In 2024, Lott is apparently free to rub shoulders with the likes of VDARE founder Peter Brimelow, American Renaissance founder Jared Taylor — who once wrote “When blacks are left entirely to their own devices, Western civilization — any kind of civilization — disappears” — and self-described “raging antisemite” Keith O’Brien (a.k.a. “Keith Woods”).

At VDARE’s Spring 2024 Conference, Lott gave a speech titled “Immigration and the Collapse of Law Enforcement in the US.”

In his speech, Lott argued against the fact that, according to FBI data, violent crime has been decreasing, and claimed that, according to his own research, “illegal immigrants” have a “high rate of crime” compared to “Americans generally.” He also blamed the “collapse” of law enforcement on several factors, including the “defunding of police departments.”

During a Q&A segment an audience member asked Lott about his work at the DOJ and his opinion of Attorney General Merrick Garland.

“John, that’s interesting that you worked for the Justice Department,” they said. “I’d like to know your opinion on Merrick Garland. … It seemed there, in 2021 at least, that the policy of the Biden administration was almost like a domestic war on terror, as far as focusing on the post-January 6 people, white people, hate crimes, hate groups and all this.”

Lott said he had “no direct contact” with Garland, and was “out the door before he came in there.” And while Lott said that “nobody wants to have racial animus on any side,” such as “white supremacists or any other group,” he downplayed the far-right ideology of white supremacist terrorists.

“You know, they’ll often talk about mass public shooters and try to emphasize that those are right-wingers,” Lott said. “And I’ve written on this a number of times. The thing is, basically, what the media and what the administration has done is that when somebody’s a racist, they’ll go and classify themselves as a conservative or a right-winger, even though that’s fairly clearly not the case.”

Lott referenced the white supremacists who gunned people down at a pair of Christchurch, New Zealand mosques in 2019, an El Paso Wal-Mart in 2019, and a Buffalo supermarket in 2022. And he falsely claimed that these mass murderers were not right-wing, and adopted white supremacist beliefs because they were fanatical environmentalists.

As Lott stated:

You take the Buffalo mass murderer from two years ago. That individual hated whites — er, hated Blacks. I’m sorry. And he was a obvious racist that nobody would wanna have as a friend.
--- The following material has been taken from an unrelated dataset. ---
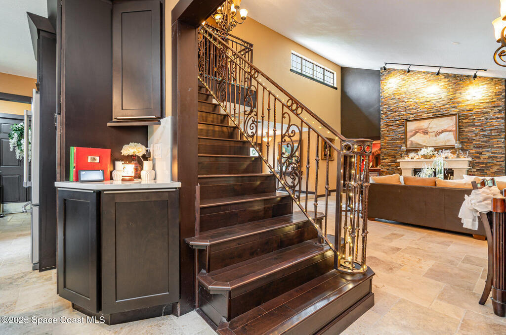 Welcome to your luxurious Florida Oasis. Discover timeless elegance and resort-style living in this meticulously designed West Melbourne sanctuary. From travertine marble floors and pool deck to a gourmet kitchen, home features onyx, granite, and quartz finishes, every detail reflects luxury and tranquility. Step outside to a stunning pool, outdoor kitchen, and lush oversized yard with fruit trees--perfect for entertaining or unwinding. The Florida room offers a cozy fireplace and bar, while the lavish first floor primary suite features dual vanities, a soaking tub, and walk-in shower. This is more than a home--it's a lifestyle of elegance, comfort, and tropical charm.

But the thing is, the reason he was a racist was because he was an environmentalist. This guy was worried about people having too many children. He thought that people having more children would damage the environment. And he thought that minorities, particularly Blacks were having too many kids. And so, he thought it was his job to go and kill them that were there.

And so — but you go and you read the New York Times or other places. They’ll very frequently — the New York Times I think had like seven editorials where he was like Exhibit A for white supremacists out there. And all the time kind of referring to him as a conservative, right-wing type. The guy referred to himself as a mild-mannered, left-wing authoritarian. He described himself as a socialist.

And you see the same things with the El Paso mass murderer and other ones — Cincinnati. So I don’t know. Maybe I live in a very cloistered life and don’t really hang around with most conservatives, but I don’t think there are a lot of conservatives that I know, at least, who are upset about people having too many kids. Or too many conservatives that I know of that call themselves socialists.

Or — I’ll give you an example. You know the New Zealand mosque murderer — I actually got blocked on Twitter and other social media because I just pointed out in his manifesto, this guy’s ideal form of government was communist China. I dunno, maybe. I dunno, Peter [Brimelow] can educate me on this I’m sure, but maybe there’s a lot of conservatives who really think we oughta model our government after communist China. Again, I guess I’m just isolated.

The Buffalo shooter was a self-described “white supremacist” and “fascist,” made no mention of environmentalism in his manifesto, and was concerned not only that Black people were having too many children but that white people were having too few. And while the Christchurch and El Paso shooters mentioned that non-whites were destroying the environment and using up resources, this was not their main motivation.

What connected all three of these terrorist attacks was a belief that majority-white countries were being “invaded” by non-white people, and that this was part of a sinister plot to “replace” white people within their own countries. This white nationalist conspiracy theory is known as the “Great Replacement,” and it was championed by the very people Lott was speaking to.

VDARE has repeatedly promoted the “Great Replacement” conspiracy, and even defended the anti-immigrant sentiments of the El Paso shooter’s manifesto.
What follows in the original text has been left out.